**Exercise requirements**:
Repeat the data that follows in full. Do not include the pictures.

**Available data**:
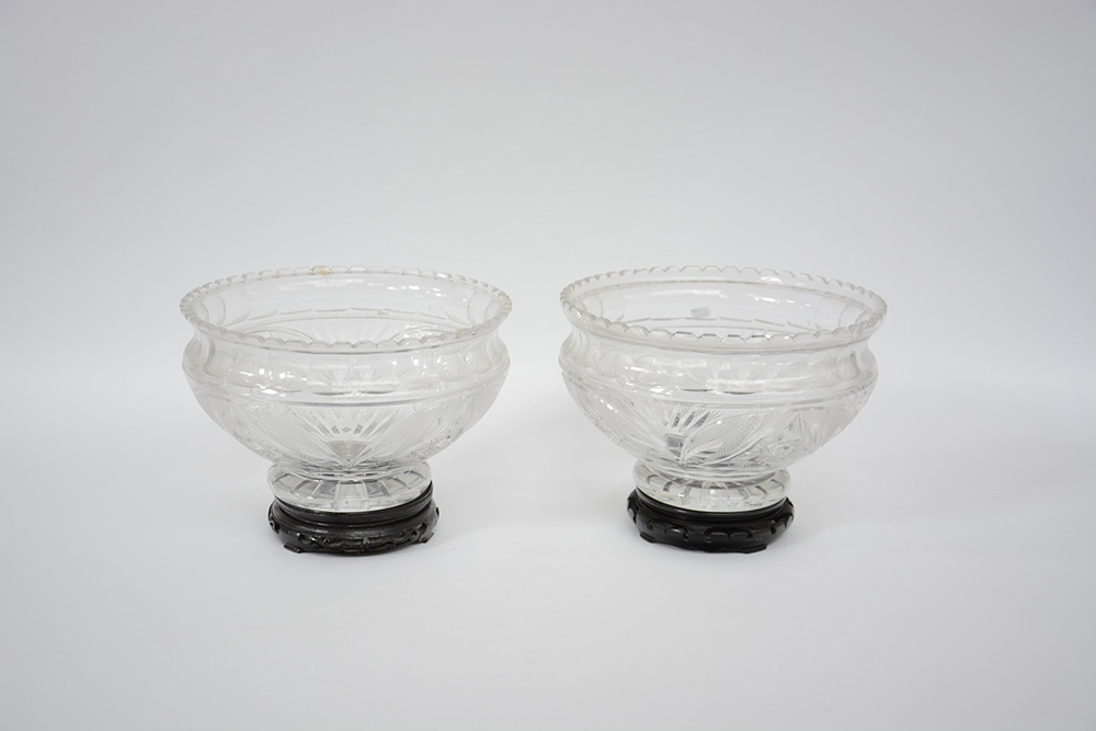 Coppia di alzate in cristallo molato a motivi stilizzati, con base in legno...
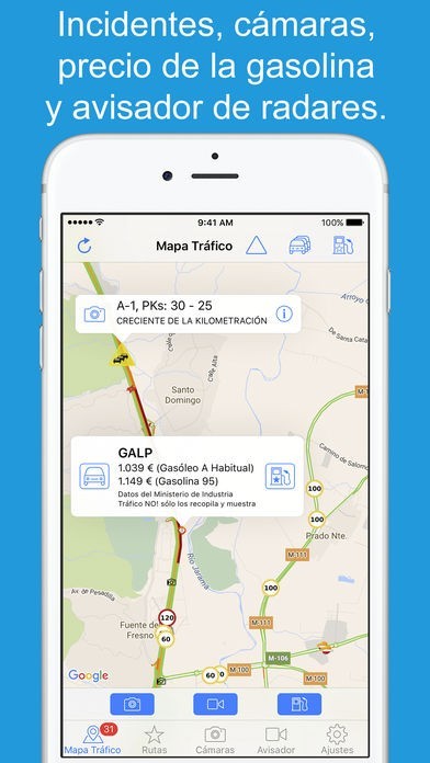· Haz zoom para ver gasolineras con sus precios, cámaras y radares
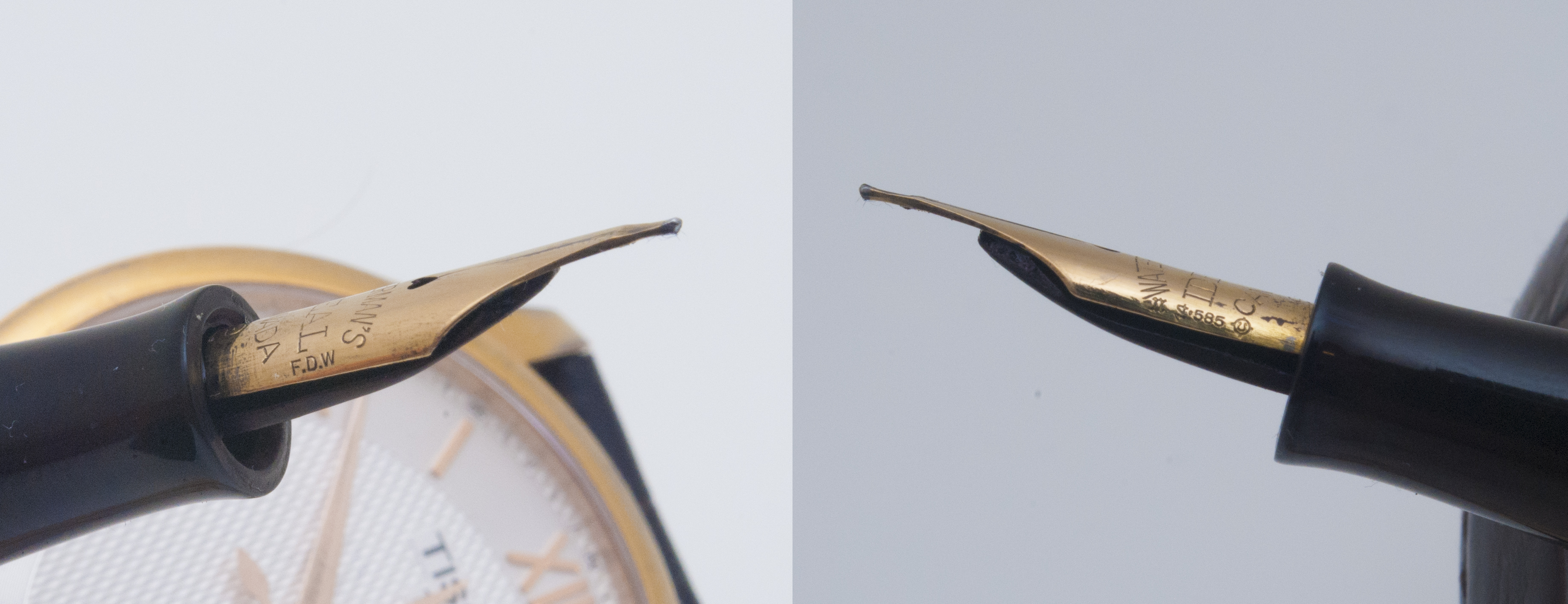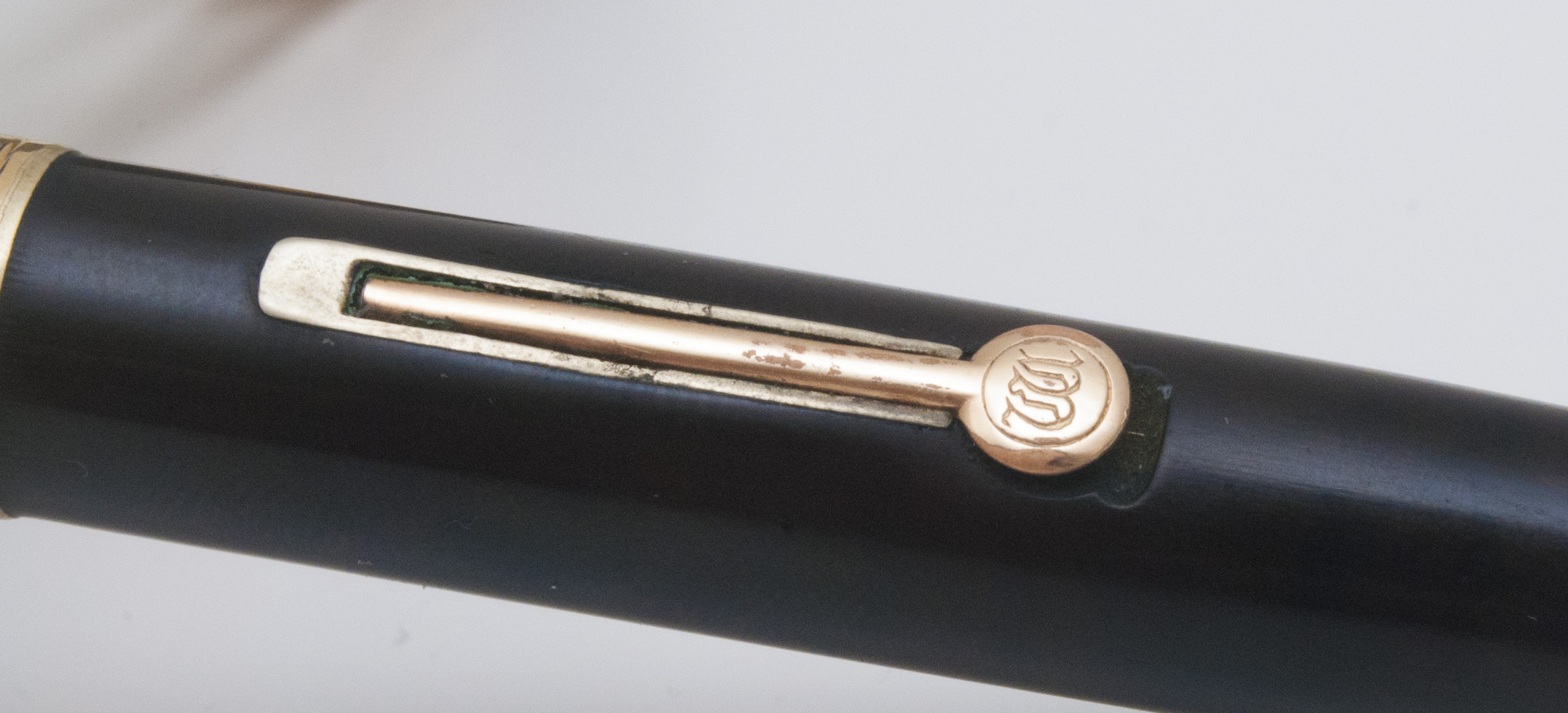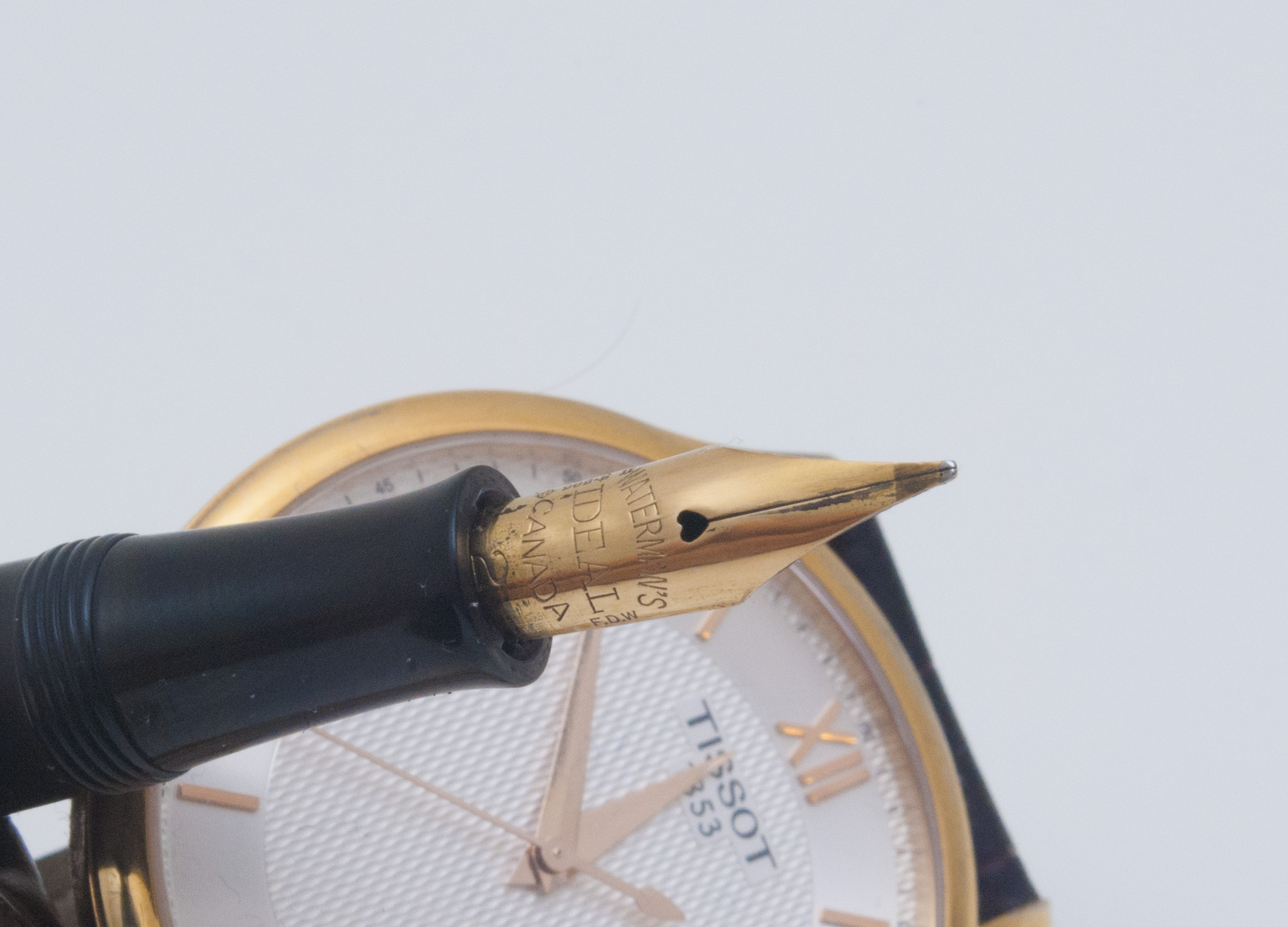 2 Sulla spalla destra F.D.W che sta per Frank D. Waterman, nipote del signor Lewis Edison Waterman passato alla storia per aver trasformato la Waterman in una dei grandi quattro e sulla sinistra fra due oscuri simboli – che spero i più esperti mi aiutino ad identificare, il signor Giorgio è in linea? – le incisioni 14 e 585 che non indicano altro che la purezza dell’oro. La punta, di misura M, sembra essere una kugelspitz; una particolare punta che permette di scrivere su ambo i lati del pennino per ottenere un tratto più fine o più abbondante a piacimento.

**Exercise answer**:
 Coppia di alzate in cristallo molato a motivi stilizzati, con base in legno...
· Haz zoom para ver gasolineras con sus precios, cámaras y radares
 2 Sulla spalla destra F.D.W che sta per Frank D. Waterman, nipote del signor Lewis Edison Waterman passato alla storia per aver trasformato la Waterman in una dei grandi quattro e sulla sinistra fra due oscuri simboli – che spero i più esperti mi aiutino ad identificare, il signor Giorgio è in linea? – le incisioni 14 e 585 che non indicano altro che la purezza dell’oro. La punta, di misura M, sembra essere una kugelspitz; una particolare punta che permette di scrivere su ambo i lati del pennino per ottenere un tratto più fine o più abbondante a piacimento.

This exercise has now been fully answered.